Two modes: by default the script installs a tiny callback shim that subprocess-spawns yourspace __complete on every tab press — completion always matches the installed binary, no re-emit needed after upgrades. With --static, the script enumerates the command tree at emit time instead; new commands added in a future yourspace release then require re-running completion and reloading your shell. Trade-offs:

• Dynamic (default): always fresh — completion tracks the installed binary with no re-emit. Each tab press spawns the binary (~5-30ms latency; imperceptible for casual use, perceptible if you mash-tab).
• Static (--static): zero per-tab cost. Stale after a binary update — operators must re-emit.

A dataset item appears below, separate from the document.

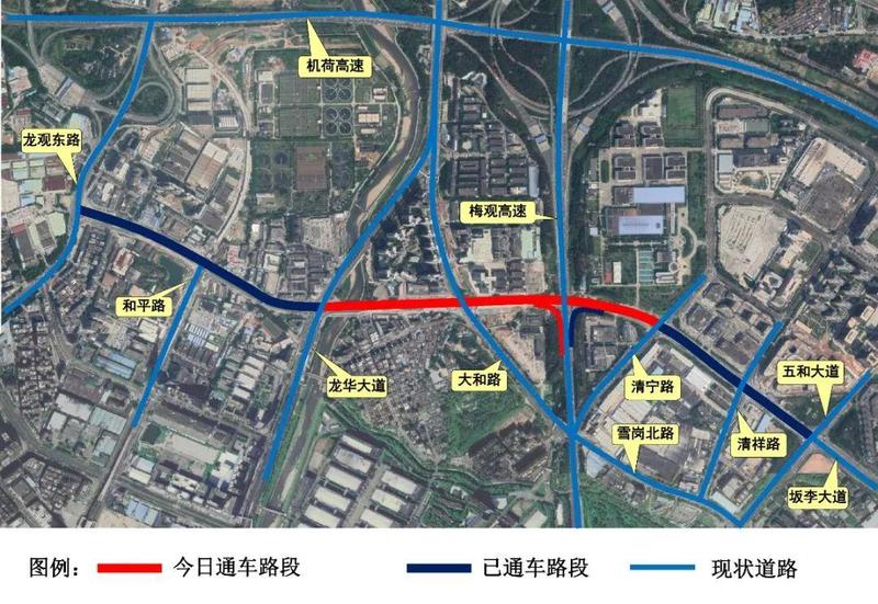 新建龙湖立交跨线桥,连续上跨大和路与梅观高速,为东西走向车辆出行提供了便利。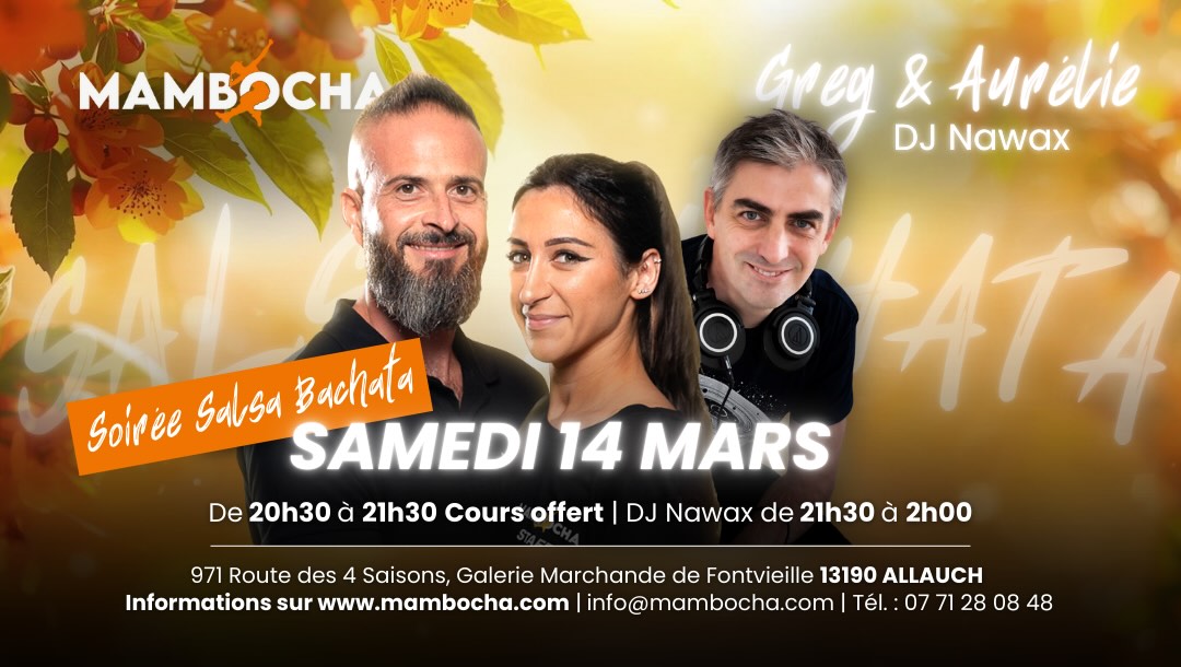 Soirée Salsa BachataSamedi 14 mars 20h30 – 21h30 : Cours de Bachata évolutif avec Greg et Aurélie21h30 – 02h00 : Soirée Salsa Bachata avec DJ Nawax Tarifs soirée avec une conso soft :12 € en tarif normal10 € pour les adhérents Mambocha ou écoles partenaires (Rock’Caliente, Instant Danse, Buyanga) 2025/20268 € sur présentation de la carte étudiant Lieu :Loca’Dance – Galerie marchande de Fontvieille971 Route des 4 Saisons13190 ALLAUCH Parking gratuit de 150 placesSalle de 200 m² climatisée et avec parquet Prochaines dates :Samedi 18 avril 2026Samedi 9 mai 2026Vendredi 5 juin 2026

Both modes complete the verb itself (yourspace <tab>), one level of subcommand (yourspace domain <tab> lists add, ls, remove, verify), and per-cmd long-form flag names (yourspace deploy --<tab> surfaces deploy's flags + shared ones like --api / --json). Descriptions surface in zsh and fish; bash's completion model can't carry them. Short-form flag completion and flag-value completion are not yet wired in either mode.

Flags:

• --type <shell> (short -t) — one of bash, zsh, fish. When omitted, inferred from $SHELL. Returns a usage error if $SHELL is unset or names a shell other than the three supported.
• --static — emit the static enumeration script instead of the dynamic shim. Default dynamic.

Global flags

A few flags work the same way across most commands and are documented here once instead of on every subcommand. Long forms (--name) and POSIX short forms (-n) parse identically; joined shorts (-tn50) and --name=value / -n=value / -n value all work.

• --api <url> — override the API endpoint for this invocation. Every command that talks to the API accepts it; defaults to $YOURSPACE_API or https://api.yo.urspace.net. No short alias (-a is "all" in too many other tools).
• --json (-j) — print the raw server response as JSON (no human formatting). Available on every command that returns structured data: ls, status, logs, deploy --dry-run. Use for jq pipelines or CI guards.
• --dir <path> — operate on a project directory other than the cwd. Available on every project-scoped command (init, setup, doctor, status, open, logs, deploy). Defaults to .. No short alias.

Per-command short flags are listed in each command's section above.

Environment variables

• YOURSPACE_TOKEN — bearer token for API calls. Overrides the token stored by yourspace login.
• YOURSPACE_API — override the default API URL (https://api.yo.urspace.net). Useful for staging or self-hosted deployments. Every subcommand also takes a one-off --api <url> flag.
• YOURSPACE_DIR — override the configuration directory. Defaults to $HOME/.yourspace.